IMO and IME,
POSSIBLY. I won't claim to be an 'expert' but I do work in the field.
Sorry this is long but I've been wanting to get it out and this question has been asked 100x and I have minute so here you go -
The officer was seriously mistaken in the legal definition of
"Primary aggressor" - The individual who poses the most serious, ongoing threat who might not be the initial aggressor in a specific incident.
This is on every DV training I've ever seen for LE though the wording may vary slightly.
The job of LE in a DV call isn't simply to evaluate what happened in that specific incident but to ALSO evaluate what is going
before and after such incidents and in the relationship as a whole. Who and what is causing the escalation of violence. Protocol for LE on DV calls includes lengthy instruction on how to evaluate for co-occurring crime.
Did they even ASK if they had any weapons in the van? Did they ask if BL scares her? Did they ask if she feels safe with him in the van? Did they ask about escalation? Verbal harassment (ie; does he call you names?) Sexual abuse? Why was locking her out of the van in the desert 1000s of miles away from her support network not considered a serious threat in itself? Him attempting to lock her out should be considered primary aggression. If he's threatening to lock her out and leave her - he clearly is the one that is posing the most serious and ongoing threat. Through that lens GP's actions in scratching at him become reactive abuse. Her emotional state becomes abuse victim rather than a mental health episode.
In addition - ignoring GP's claims of how he grabbed her face is against every single bit of DV training that exists. She should have been GRILLED on that. Does he grab her face often? Has he
ever (not just that day) grabbed her throat or even put his hand around it? Has he ever choked her or held her down by her neck? Victims who have been choked once are 750 percent more likely to be killed by their abusers.
So aside from correctly evaluating what should they have done?
Had a victim advocate respond. It's imperative in DV situations that there is victim centered and trauma informed support. I do believe that if GP had been given access to a good advocate it's quite possible that she would have revealed more and that advocate could have given her resources and/or connected her with family in order to get her out of the situation. An advocate along with LE can give a victim assurance that if they WANT to get away from the person that they will work in conjunction to make sure that happens (including helping to obtain financial assistance where needed) in a safe manner and that the abuser will not be able to get to them.

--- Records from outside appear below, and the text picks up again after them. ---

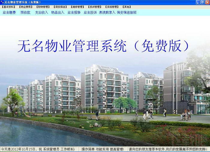 无名物业管理软件,实施及操作简单,功能实用,提高管理,永久免费(无使用站点、使用时间、单据数量限制)。适用于物业管理公司、出租房管理、出租商铺管理、写字楼管理、需进行物业管理的其他单位。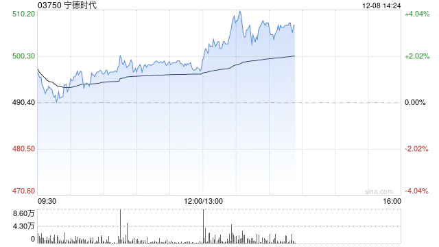 宁德时代(03750)股价早盘冲高,涨幅一度超过4%。截至发稿时,该股涨幅仍维持在3.38%,报507港元,期间成交额达10.79亿港元。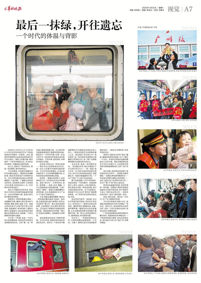 2026年1月25日上午10时29分,K303次列车完成它作为广州站始发绿皮车的最后一次使命。此后,墨绿色的身影将从这座老站的始发序列中正式隐去。钢轨上的慢与暖,最终凝作一个时代的集体记忆,化为刻在时光里的一场温柔而决绝的告别。

As it was GP was left with the knowledge that he was going to be right back with her the next day and it was further framed as "she was in trouble". NO WAY was she going to report anything at that stage. That's about the most terrifying thing a victim of DV can be told. "We're going to separate you ... (heart soars) ... for the night (utter terror)."
And OF COURSE it's possible that GP would have gone right back to BL even with a victim advocate and all the empowerment in the world involved. But it's ALSO possible that with victim centered support she would have been empowered to leave the situation and it would have turned out quite differently.
And if you want to dive into how well victim advocacy /outreach works (
https://www.ojp.gov/pdffiles1/nij/grants/238480.pdf ) See the link.
I also attached an image from said link. When women who live with their abuser are
assigned to outreach programs a guilty verdict is entered in court 100% of the time. That falls to 33-59% with referral advocacy or no outreach programs.